Collection entries
##############################

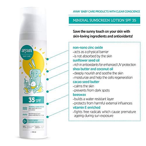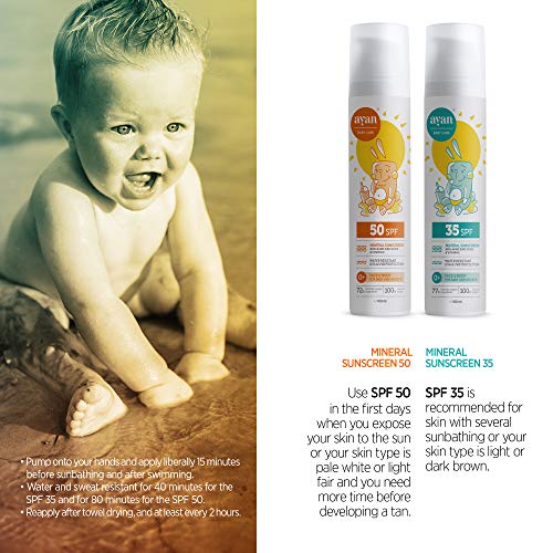 AYAN protector solar FPS 35 para bebés y niños✔️ Protección solar mineral SIN nanoparticulas y UV filtros químicos✔️ Cosmética natural con manteca de karité, cera de abeja, aceite de coco y vitamina E
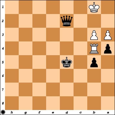 Schwarz sah sich schon auf der Gewinnerstraße. Es folgten: 56. ... Dxb4 57. axb4 axb3 58. Kb2 Kc4 59. Ka3 b2. Anstelle des nun erwarteten 60. Kxb2 zog Weiss allerdings 60. Ka2!! und nach 60. ... b1L+ 61. Kxb1 Kxb4 62. Kb2 endete die Partie remis.
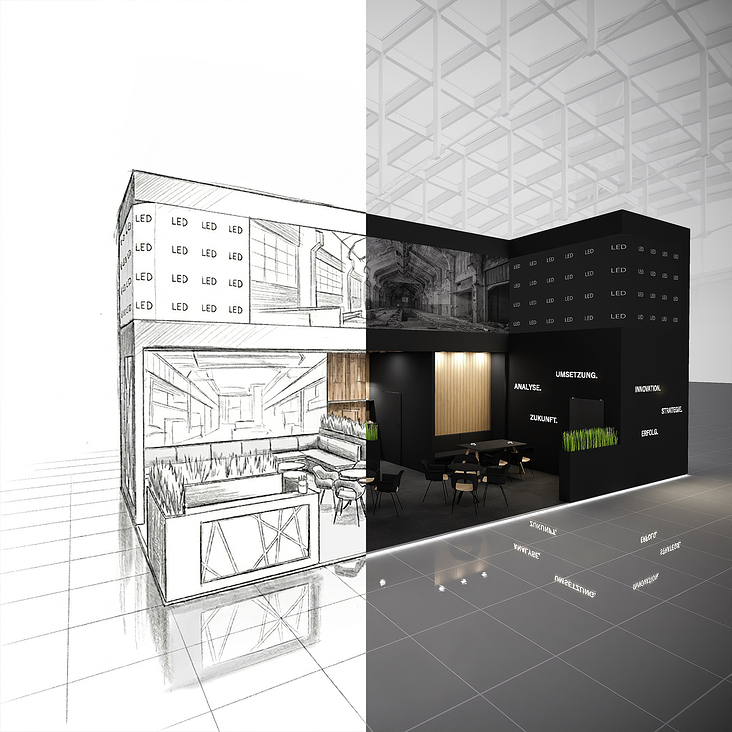 Aktuelle Messe-Design: Durchdachte Raumaufteilung und eine Gestaltung, die den Dialog mit dem Besucher fördert.
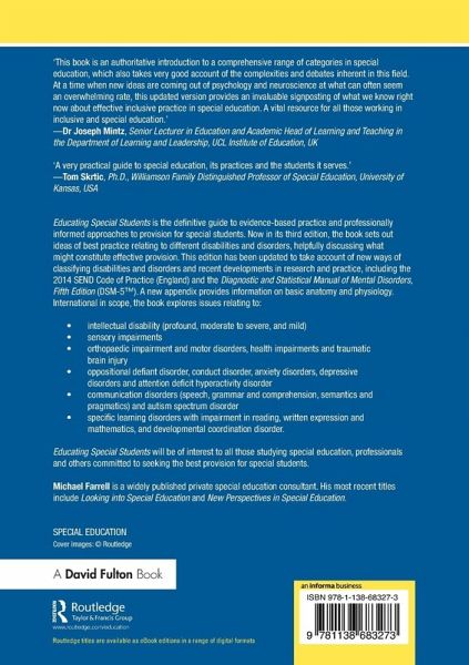 Educating Special Students is the definitive guide to evidence based practice and professionally informed approaches to provision for special students.
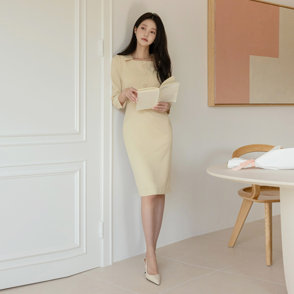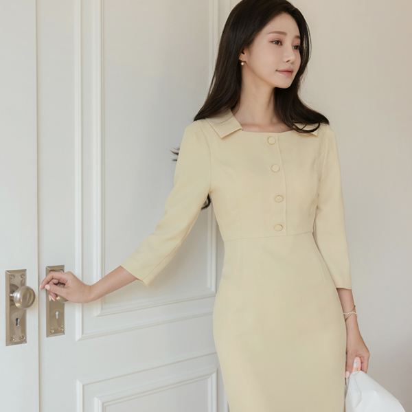 スクエア カラーネック ボタン ポイント スリム ワンピース

##############################

Instructions for the task —
The records above should be written out in full and unchanged, except that pictures are dropped.

Result of the exercise —
 AYAN protector solar FPS 35 para bebés y niños✔️ Protección solar mineral SIN nanoparticulas y UV filtros químicos✔️ Cosmética natural con manteca de karité, cera de abeja, aceite de coco y vitamina E
 Schwarz sah sich schon auf der Gewinnerstraße. Es folgten: 56. ... Dxb4 57. axb4 axb3 58. Kb2 Kc4 59. Ka3 b2. Anstelle des nun erwarteten 60. Kxb2 zog Weiss allerdings 60. Ka2!! und nach 60. ... b1L+ 61. Kxb1 Kxb4 62. Kb2 endete die Partie remis.
 Aktuelle Messe-Design: Durchdachte Raumaufteilung und eine Gestaltung, die den Dialog mit dem Besucher fördert.
 Educating Special Students is the definitive guide to evidence based practice and professionally informed approaches to provision for special students.
 スクエア カラーネック ボタン ポイント スリム ワンピース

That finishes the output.